India Launches Bharat Taxi, A National Platform Co-op

India is preparing to launch Bharat Taxi, a government-backed, cooperative ride-hailing platform designed to free commercial drivers from the high commissions charged by private aggregators. Cooperation Minister Amit Shah announced in Parliament on Tuesday that the digital service, which will be run by the newly registered Sahakar Taxi Cooperative Ltd, will begin full national operations in January 2026, following beta trials in Delhi and Gujarat.
Bharat Taxi represents one of India’s most ambitious experiments in platform cooperativism. While companies like Ola, Uber, and Rapido routinely charge drivers 20–30% commission, Bharat Taxi will operate on a zero-commission model. Drivers keep the full fare and instead pay a small membership fee, daily, weekly, or monthly, to sustain the platform.
The cooperative launched its soft rollout on November 10, initially through Delhi Traffic Police’s prepaid taxi booths at Delhi International Airport. The driver-facing app went live in Delhi on November 13 and in Rajkot, Gujarat, on November 26. According to Shah’s statement to the Lok Sabha, the platform initially registered over 37,000 drivers. That number has now grown past 51,000 across cars, autos, and bikes in New Delhi and Saurashtra, with ambitions to reach 5,000 more drivers by year-end and 100,000 nationwide by 2030.
Bharat Taxi is backed by eight major cooperative institutions, including the National Cooperative Development Corporation, Amul (Gujarat Cooperative Milk Marketing Federation), NABARD, IFFCO, and the National Dairy Development Board. Amul’s Managing Director, Jayen Mehta, serves as chairman.
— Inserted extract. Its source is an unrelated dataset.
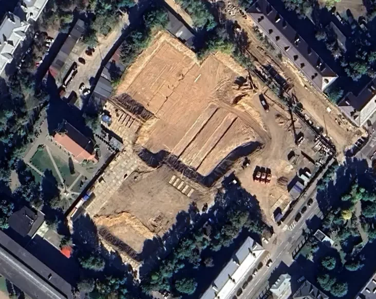 Новыя здымкі пацвярджаюць, што ранейшыя ацэнкі маштабаў гэтай амаль сакрэтнай будоўлі былі дакладнымі: гіганцкі катлаван «праглынуў» практычна ўсю вольную тэрыторыю квартала. Гэта азначае, што пад каўшамі экскаватараў апынулася большая частка гістарычных Залатагорскіх могілак, якія існавалі тут яшчэ з канца XVIII стагоддзя.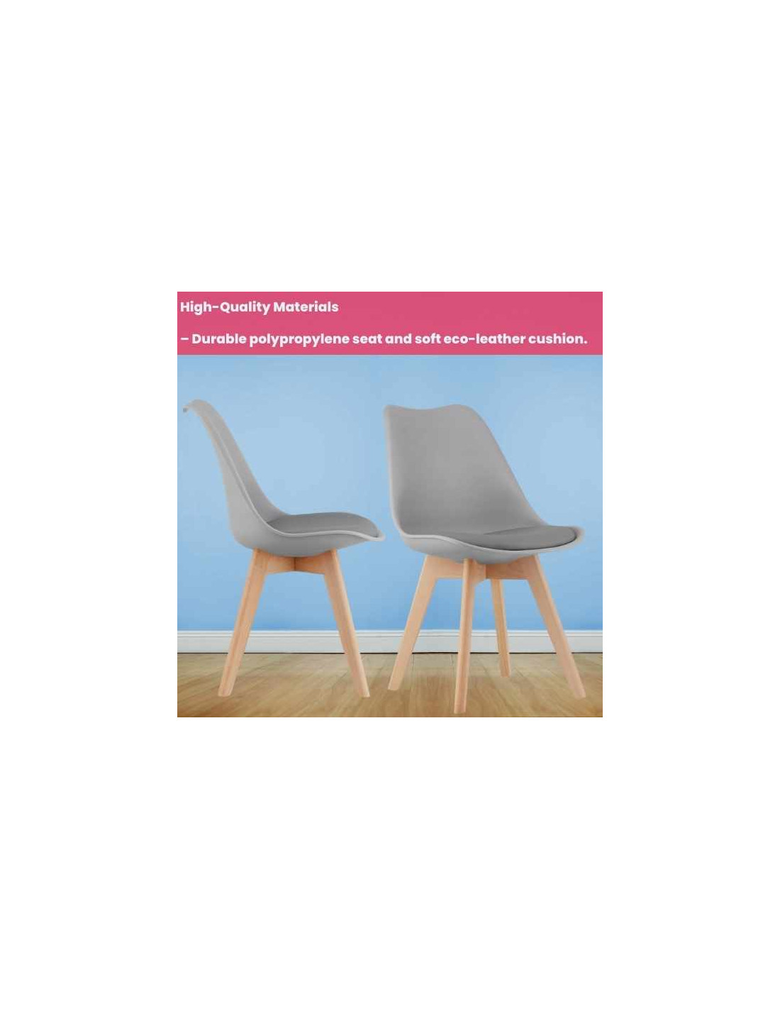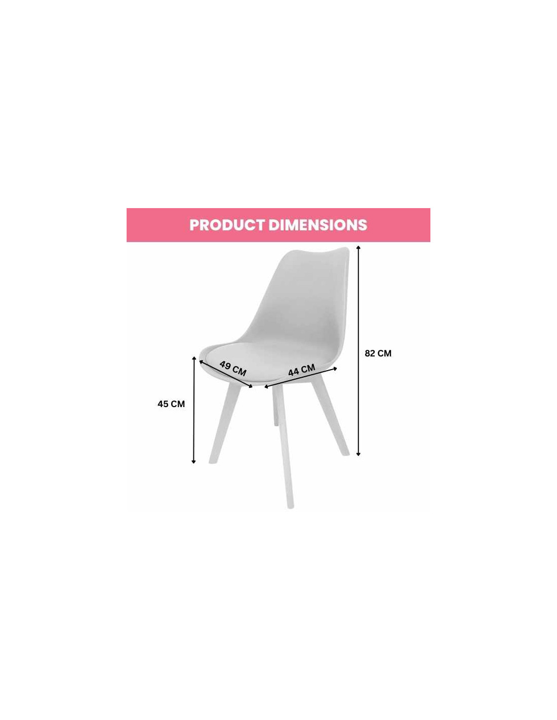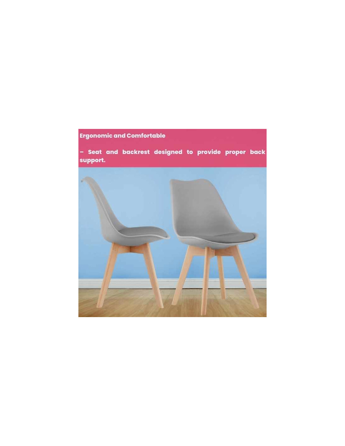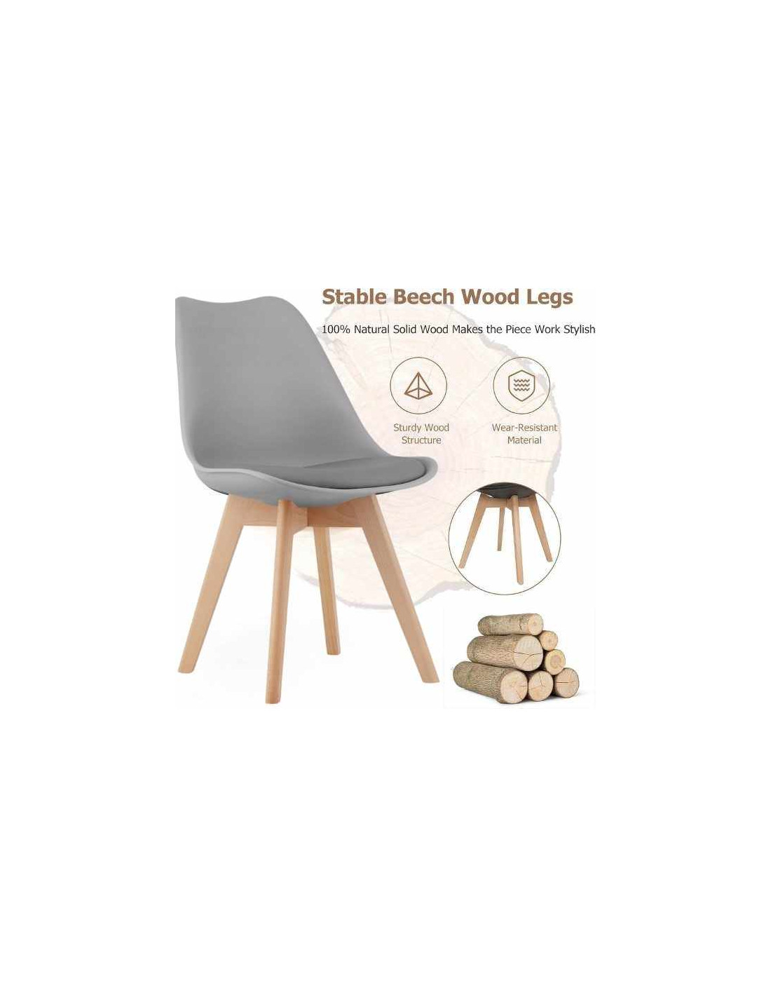 Acest model este realizat din polipropilena gri deschis, rezistenta la uzura, si este completat de o perna moale din piele ecologica si picioare din lemn de fag natur, oferind un echilibru perfect intre functionalitate si eleganta naturala. Este ideal pentru spatii de dining, birou sau camere de studiu.

The platform promises transparent fares, no surge pricing, multilingual interfaces, real-time vehicle tracking, 24/7 customer support, and integration with Delhi Metro for seamless last-mile connectivity. A formal partnership with Delhi Police aims to strengthen safety standards for both drivers and riders.
As India debates the future of work in the gig economy, Bharat Taxi emerges as a significant test case: can a cooperative, zero-commission model scale nationally and compete with entrenched ride-hailing giants? With government backing, major cooperative institutions behind it, and tens of thousands of drivers already enrolled, the experiment has begun.